** Opening Given material block **
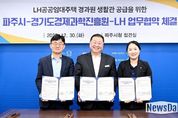 뉴스다 최광묵 기자 | 파주시는 30일 경기도경제과학진흥원, 한국토지주택공사 경기북부지역본부와 경과원 파주시 이전에 따른 엘에이치(LH) 공공임대주택 생활관 지원을 위한 업무협약을 체결했다고 밝혔다. 이번 협약은 경과원의 단계적 이전에 앞서 직원들에게 안정적인 정주환경을 제공함으로써 거주지 이전에 따르는 비용 부담을 최소화하기 위한 세 기관간 협력을 강화하는 차원에서 추진됐다. 협약에 따라 한국토지주택공사는 운정신도시 내 공공임대주택 중 보유 공실 일부를 생활관 용도로 활용할 수 있도록 공급 방안을 검토하고, 파주시는 입주 절차와 행정적 지원을 담당한다. 경과원은 대상자 선정과 운영 관리 등 내부 절차를 마련해 실제 입주가 차질 없이 진행될 수 있도록 준비할 계획이다. 김경일 파주시장은 “이번 협약이 파주에 둥지를 틀게 될 경과원 직원들이 걱정 없이 생활할 수 있는 실질적인 지원이 될 것으로 기대한다”라고 말했다. 김현곤 경기도경제과학진흥원장은 “직원들의 주거 부담을 줄이는 것은 이전 성공의 핵심 요소”라며 “세 기관이 함께 만들어가는 협력체계가 앞으로도 좋은 모델이 되길 바란다”라고 전했다.
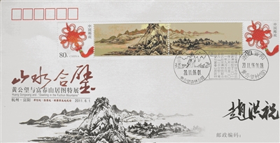2011年6月1日,在两岸有识之士的共同努力下,“山水合璧——黄公望与《富春山居图》特展”在台北故宫博物院开幕,一幅有着661年历史、一分为二361年、分藏两岸61年的元代名画,在两岸同胞的共同期待中,终于“破镜重圆”。时任浙江省委书记赵洪祝率浙江代表团见证了这一历史性的庄严时刻。为配合这次特展,富阳市邮政局特发纪念封一套。我藏有特展纪念封一枚。
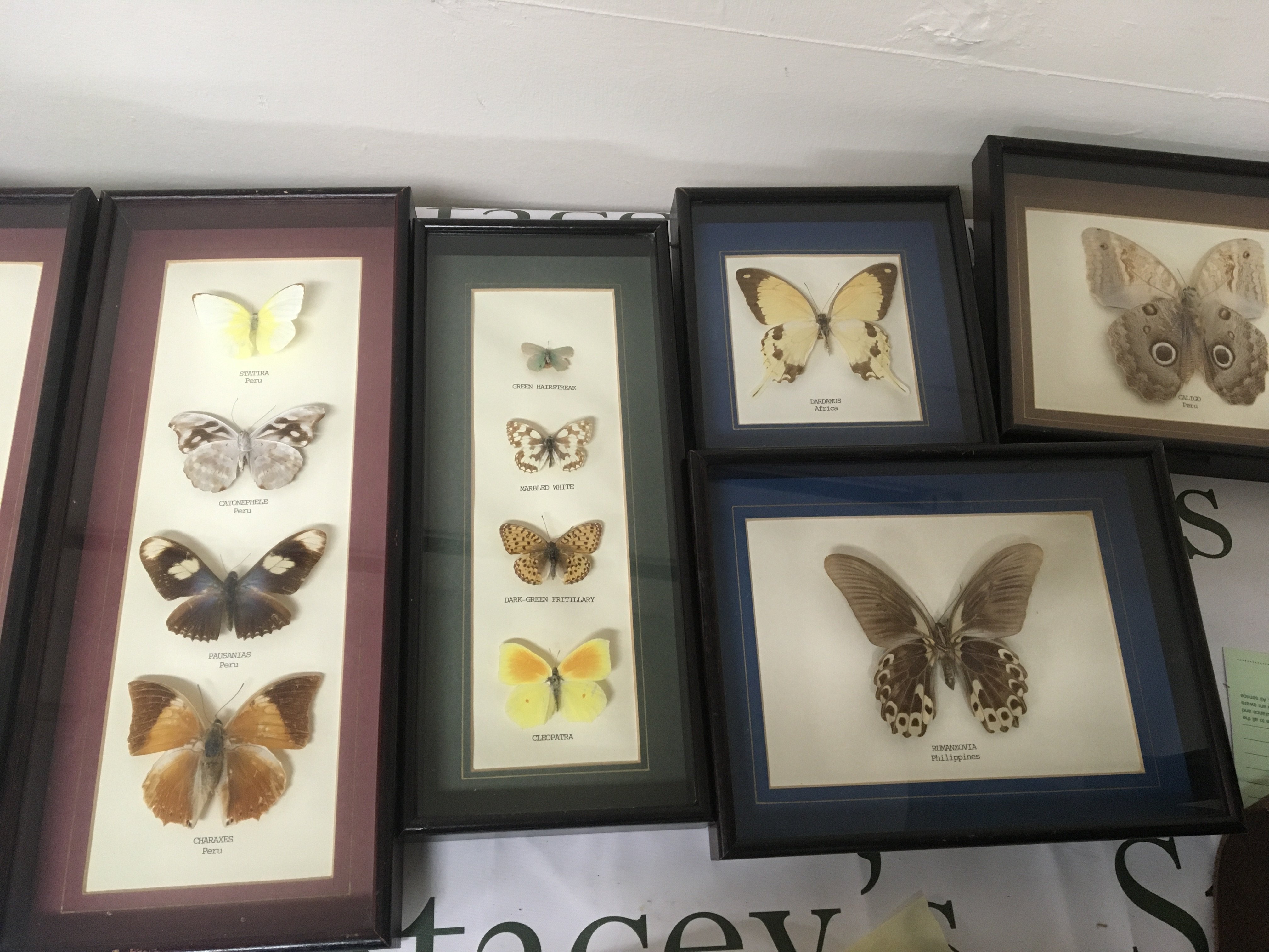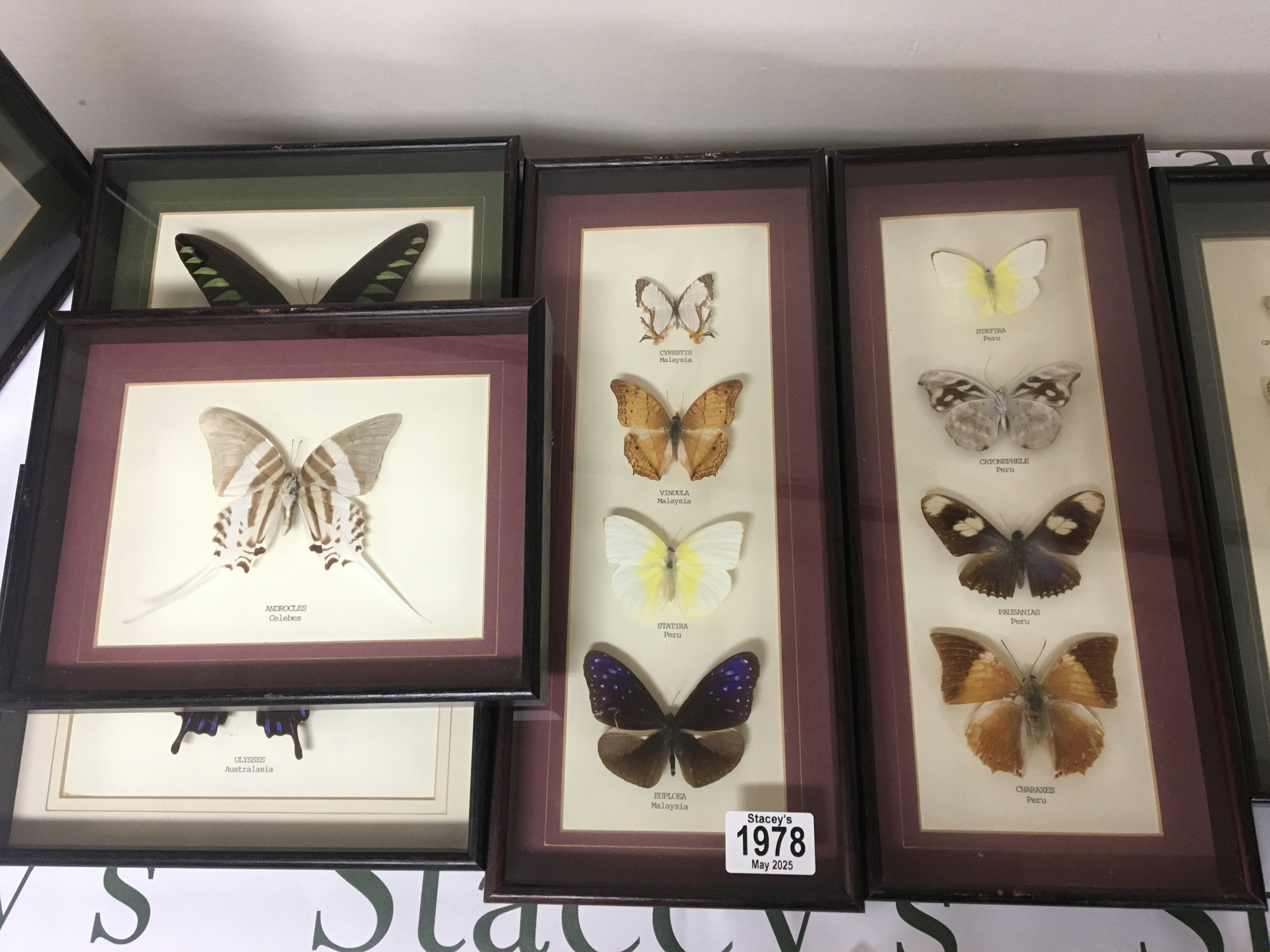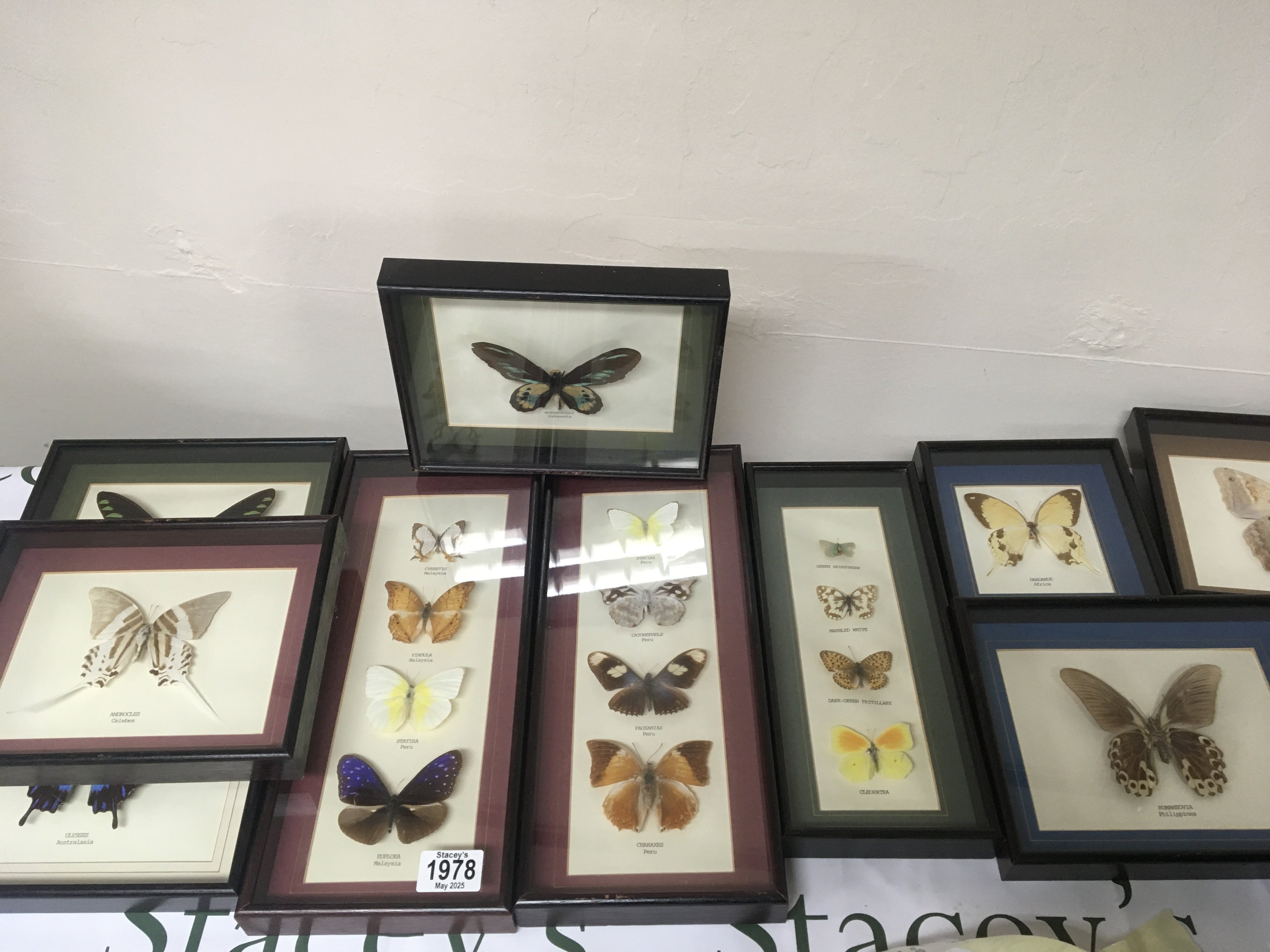 A collection of cased examples of moths and butterflies. In glazed frames good condition.
** Closing Given material block **
(Task item): The expected answer is the whole listing above, copied exactly, with images excluded.

(Reply to the exercise):
 뉴스다 최광묵 기자 | 파주시는 30일 경기도경제과학진흥원, 한국토지주택공사 경기북부지역본부와 경과원 파주시 이전에 따른 엘에이치(LH) 공공임대주택 생활관 지원을 위한 업무협약을 체결했다고 밝혔다. 이번 협약은 경과원의 단계적 이전에 앞서 직원들에게 안정적인 정주환경을 제공함으로써 거주지 이전에 따르는 비용 부담을 최소화하기 위한 세 기관간 협력을 강화하는 차원에서 추진됐다. 협약에 따라 한국토지주택공사는 운정신도시 내 공공임대주택 중 보유 공실 일부를 생활관 용도로 활용할 수 있도록 공급 방안을 검토하고, 파주시는 입주 절차와 행정적 지원을 담당한다. 경과원은 대상자 선정과 운영 관리 등 내부 절차를 마련해 실제 입주가 차질 없이 진행될 수 있도록 준비할 계획이다. 김경일 파주시장은 “이번 협약이 파주에 둥지를 틀게 될 경과원 직원들이 걱정 없이 생활할 수 있는 실질적인 지원이 될 것으로 기대한다”라고 말했다. 김현곤 경기도경제과학진흥원장은 “직원들의 주거 부담을 줄이는 것은 이전 성공의 핵심 요소”라며 “세 기관이 함께 만들어가는 협력체계가 앞으로도 좋은 모델이 되길 바란다”라고 전했다.
2011年6月1日,在两岸有识之士的共同努力下,“山水合璧——黄公望与《富春山居图》特展”在台北故宫博物院开幕,一幅有着661年历史、一分为二361年、分藏两岸61年的元代名画,在两岸同胞的共同期待中,终于“破镜重圆”。时任浙江省委书记赵洪祝率浙江代表团见证了这一历史性的庄严时刻。为配合这次特展,富阳市邮政局特发纪念封一套。我藏有特展纪念封一枚。
 A collection of cased examples of moths and butterflies. In glazed frames good condition.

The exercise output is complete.